Quando chegamos na escola, falei que esperava no carro. Ela, na correria, nem percebeu minhas intenções. Assim que ela se afastou, vasculhei os pacotes, que estavam bem lacrados, mas rasguei um deles o suficiente pra ver o que era. De fato, vi uma peça pequena, umas bolas chinesas. Não podia acreditar. A situação tava escapando do meu controle, já tava me excitando só de imaginar minha mãe com essas coisas enfiadas no cu. Me apressei e deixei tudo no lugar.
Quando chegamos em casa, a primeira coisa que fiz foi pegar minhas economias de uma caixa e saí pra comprar umas microcâmeras espiãs disfarçadas em objetos que não tinham nada a ver com câmera. Comprei quatro, uma com formato de carinha feliz, uma era... um adesivo de carro e as outras duas eram tipo um botãozinho que grudava em qualquer superfície.
De manhã, antes de ir pra faculdade, consegui entrar no quarto dos meus pais enquanto eles tomavam café, coloquei uma no banheiro deles e a outra de frente pra cama de casal. Era realmente imperceptível, não ativei na hora porque, quando ligadas, a capacidade de gravação é de 7 a 8 horas, então só deixei elas lá.
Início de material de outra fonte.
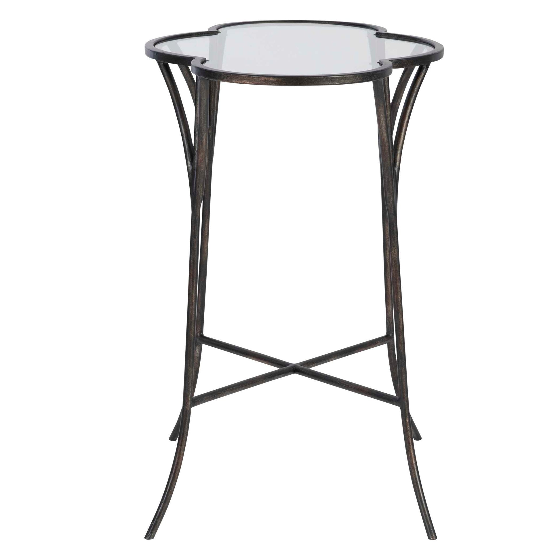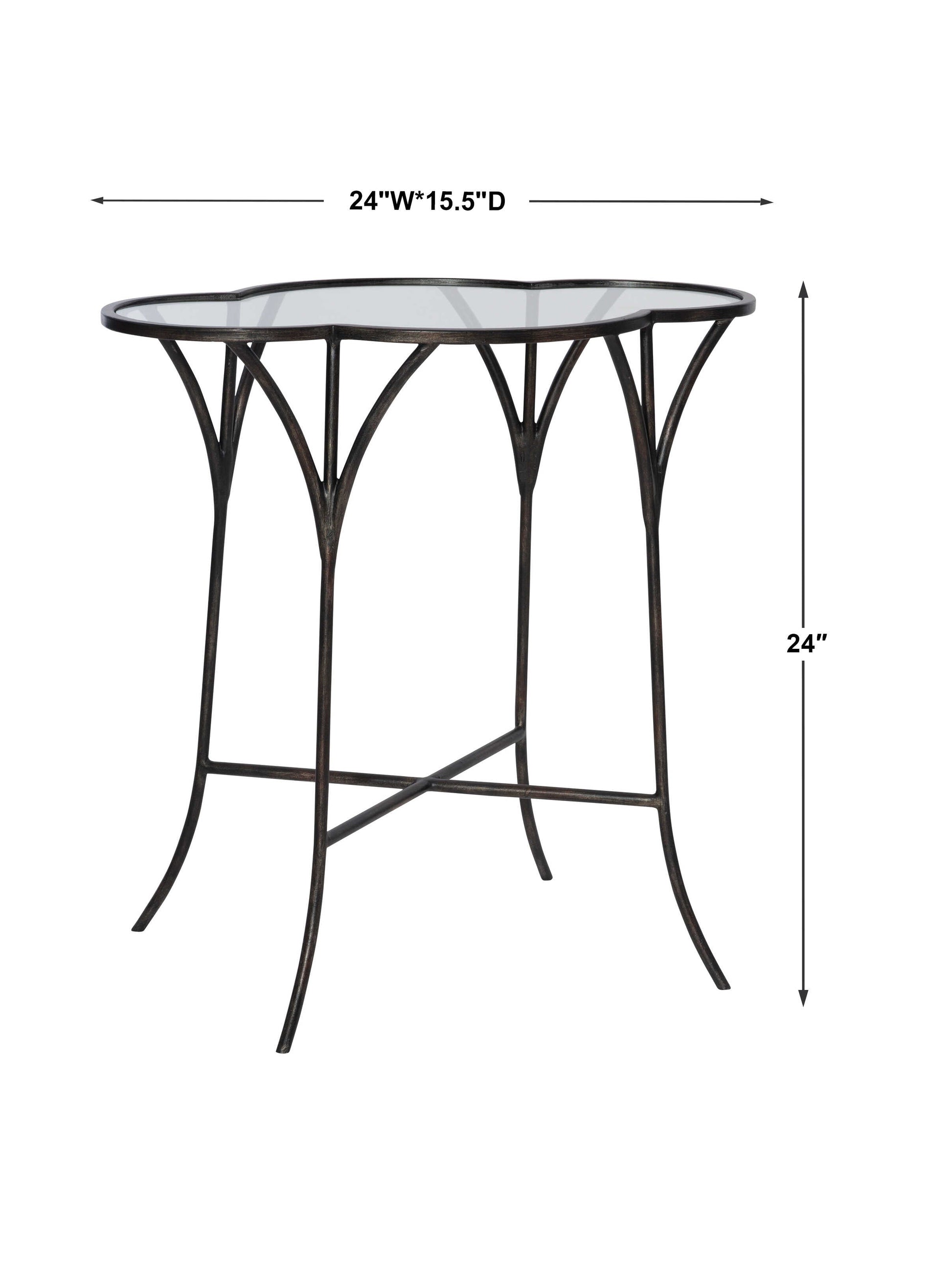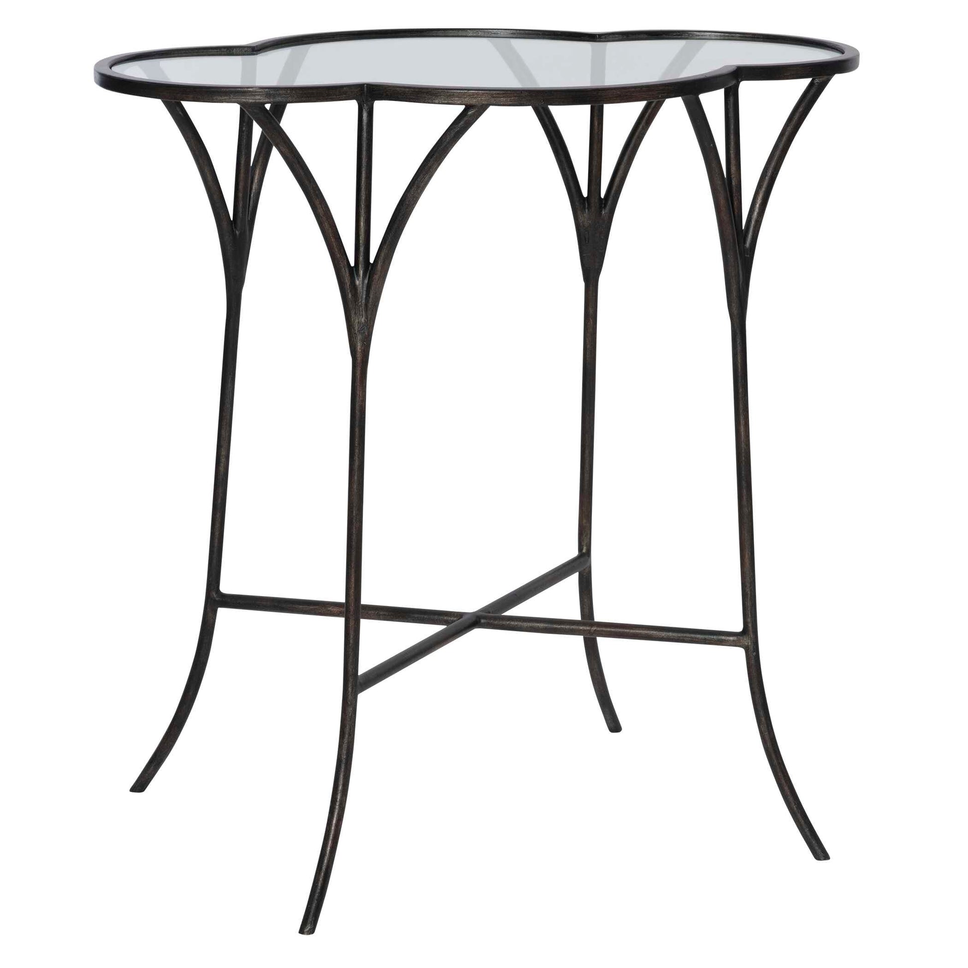 Whimsically Designed With Moroccan Roots, This Accent Table Features A Hand Forged Iron Framework Finished In Aged Black With A Scalloped Top With Clear Tempered Glass.

Depois de tomar café e deixar meus irmãos na escola, fomos abrir a loja no shopping. Sabia que as microcâmeras na loja seriam mais úteis, então liguei elas na hora. Cada uma me daria pelo menos 7 horas de gravação contínua com som e alta qualidade. Sabia que lá minha mãe teria mais espaço, porque meu pai sai muito de manhã pras transportadoras buscar mercadorias. Com muito cuidado, coloquei uma no banheiro e liguei ela ali mesmo. A outra deixei ligada de frente pra escrivaninha, na parte de cima da grade da entrada, coberta com chiclete pra não aparecer. Me despedi dos meus pais e fui pra faculdade.
Lá pelas sete da noite, fui na loja antes de fecharem e peguei as duas microcâmeras que estavam lá. Depois do jantar, na solidão do meu quarto, revisei a câmera do banheiro da loja. Que surpresa do caralho! Depois de adiantar um pouco o vídeo, porque em duas horas não rolava nada, a câmera captou minha mãe entrando no banheiro com um pacote na mão. Ela desembrulhou e, claro, tava lá: era um dilatador anal. De uma sacola, tirou uns óleos, mais tipo lubrificantes, e passou ele todo. Ela tava com uma saia jeans acima do joelho, levantou a saia, tirou a calcinha fio dental e, com dificuldade, muita dificuldade mesmo, tentava enfiar o dilatador entre as nádegas, em pé no banheiro. Consegui ouvir:
— Ah, essa porra não entra, não sei como a Luísa gosta tanto disso.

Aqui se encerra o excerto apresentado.